Enzon Pharmaceuticals, Inc.
- Company type: Public
- Traded as: OTCQX: ENZN; Nasdaq: ENZN;
- Industry: Biotechnology
- Founded: 1981; 45 years ago
- Headquarters: Piscataway, New Jersey, Piscataway, New Jersey, United States
- Key people: George W. Hebard III, M.B.A. (CEO, Interim Principal Executive Officer, Interim Chief Operating Officer) Richard L. Feinstein CPA ( Principal Financial Officer, Principal Accounting Officer) (Dec 31, 2012))
- Products: Drugs
- Revenue: $ 34.49M (Dec31, 2013)
- Website: enzon.com

= Enzon Pharmaceuticals =

American pharmaceutical company

Enzon Pharmaceuticals, Inc. is a pharmaceutical company.
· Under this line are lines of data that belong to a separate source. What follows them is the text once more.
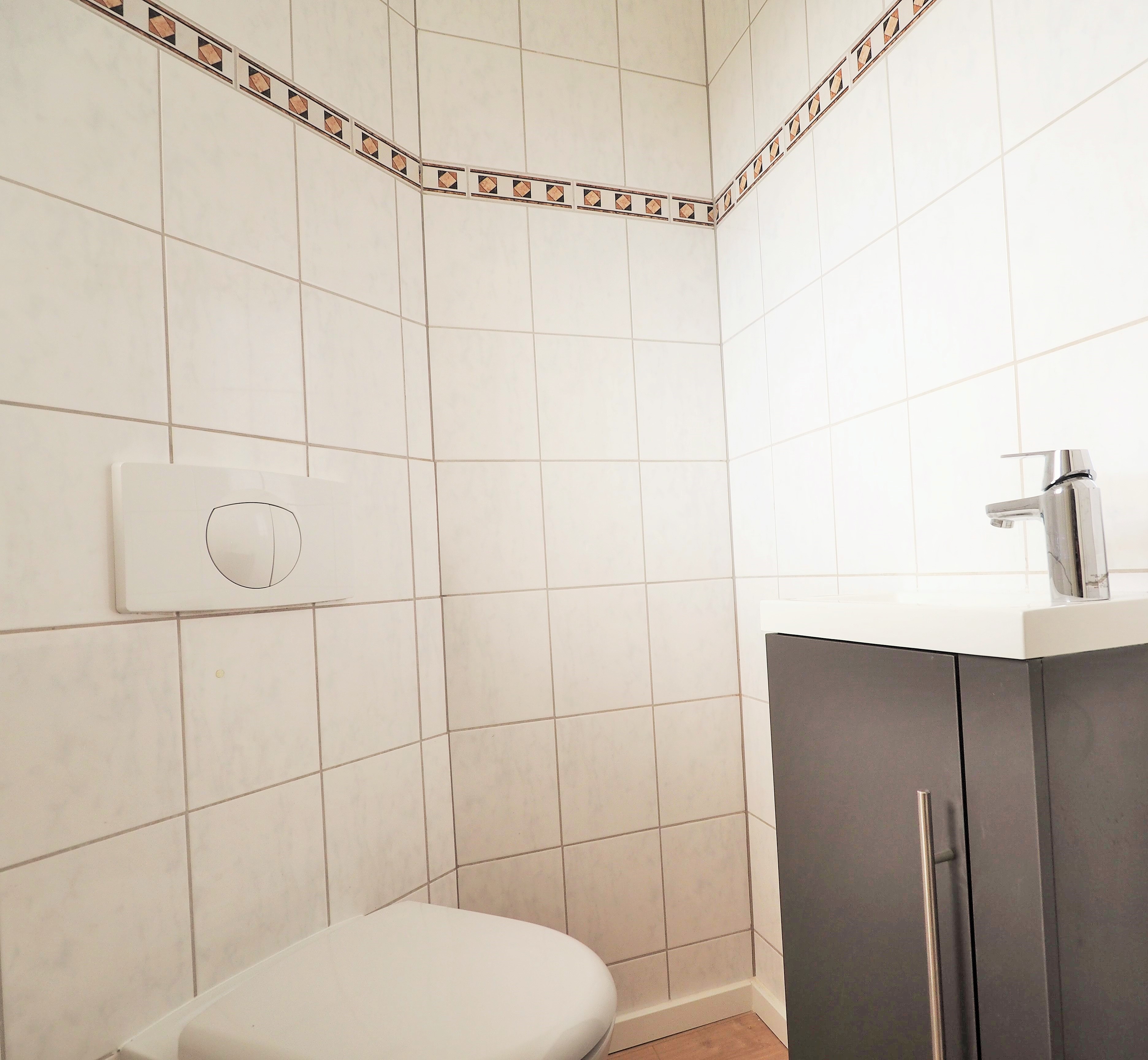 Ausgehend vom Eingangsbereich der Ihnen direkt den Blick ins Erdgeschoss des Hauses offenbart, finden Sie die mit mehr als 32 m² großzügige und offene Wohnküche sowie das zum Garten gelegene Wohnzimmer mit einer Wohnfläche von knapp 29 m², von welchem Sie über eine Wendeltreppe den Garten und die Terrasse erreichen. Große Fenster garantieren Ausblick und Lichtdurchflutung. Das im Eingangsbereich mit Gardeobennische gelegene moderne Gäste-WC als auch ein kleiner Vorratsraum vervollständigen die Wohnebene, deren Oberböden erst in diesem Jahr komplett in pflegeleichten Vinyl-Designboden gestaltet wurden.
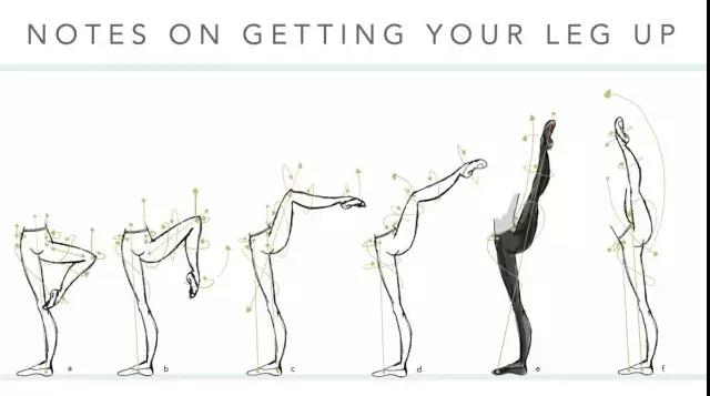 阿大糾,Adagio,慢板,多指控制類動作。緩和的,慢舞這一類型的舞蹈動作。下方圖片中,能夠感覺到在整個動作中,腿部的肌肉得一直都在做功。在不斷的輸出力量的同時,也不能忘記進行控制。
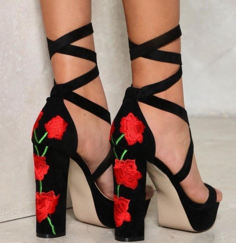 Взлетайте к новым высотам. Босоножки на каблуке Believe In Me изготовлены из гладкой искусственной замши и имеют эффектную вышивку роз яркого красного цвета, смелую платформу, массивный каблук и ремешок, привлекающий внимание спереди. Стелька 24см
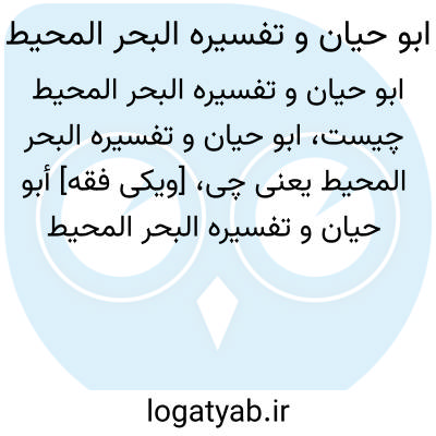 [ویکی فقه] ابو حیان و تفسیره البحر المحیط (کتاب). «ابوحیان و تفسیره بحر المحیط» تالیف بدربن ناصرالبدر عضو هیات علمی دانشگاه امام محمد بن مسعود به زبان عربی، گزارشی از زندگانی ابو حیان محمد یوسف الاندلسی متولد ۷۴۵ ه- و تفسیر او بحر المحیط می باشد. بدین جهت که صاحب تفسیر از بزرگان مفسران اهل سنت است مؤلف بر خود لازم می بیند که گزارشی از آن ارائه دهند تا مورد استفاده همگان قرار گیرد.

Its headquarters is in Piscataway, New Jersey. The company is a publicly traded company on NASDAQ under the symbol "ENZN". It's also doing marketing works in Asia areas such as China. In 2012, the company orally presented in Nanjing, China about the symposium of its drug delivery systems, which help improve therapeutic molecules' pharmaceutical properties.

== History ==

Enzon Pharmaceuticals, Inc started its earliest business in 1981. Now, the focus of the company is mainly on development and production of drugs for cancer patients. It is also actively researching on improving the chemical attachment of PEG to help provide antibodies in molecules.
In 2010, Enzon Pharmaceuticals, Inc.sold its specialty pharmaceutical business to the sigma-tau Group (sigma-tau).

== Production ==

The products of Enzon Pharmaceuticals, Inc include four principal compounds of different clinical development, as well as several novel mRNA antagonists in preclinical research.
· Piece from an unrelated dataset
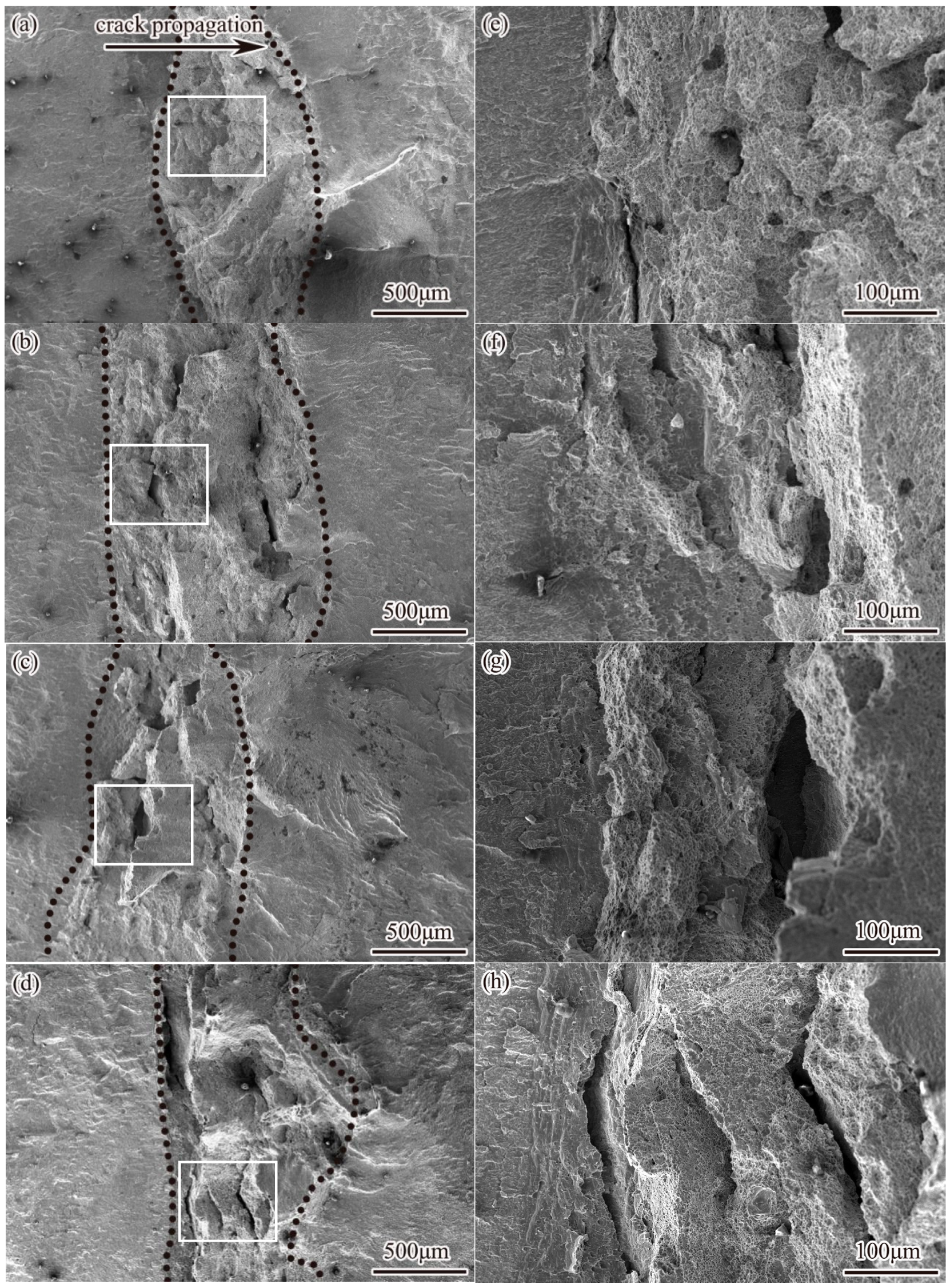 3.5. Mechanism Underlying Temperature’s Effect on DMWJ Crack Propagation

== Research & Development ==
In July 2012, Enzon Pharmaceuticals presented the result from pre-clinical studies about human interferon-beta-1b (IFN-β-1b) and an anti-TNF-α antibody fragment (Fab) through releasable PEGylation at the 39th Annual Meeting & Exposition of the Controlled Release Society.
In June 2012, Enzon Pharmaceuticals presented the Phase I study of PEG-SN38 in children with recurrent or refractory neuroblastoma and other solid tumors at the 2012 Advances in Neuroblastoma Research Conference. In the same month, the company presented the Phase II study in which PEG-SN38 demonstrated notable activity in patients with previously treated metastatic breast at the American Society of Clinical Oncology Meeting.
In May 2012, Enzon Pharmaceuticals reached a strategic partnership using Enzon's PEGylation linker technology and PEG-SN38 (EZN-2208) in China.

== Corporate affairs ==

=== Stocks ===

The ticker symbol for Enzon Pharmaceuticals, Inc is "ENZN", which was traded on NASDAQ.

===Scandals===

The company has recently launched a nationwide recall of OMONTYS injection because of reports on serious hypersensitivity reactions, including possible life-threatening anaphylaxis.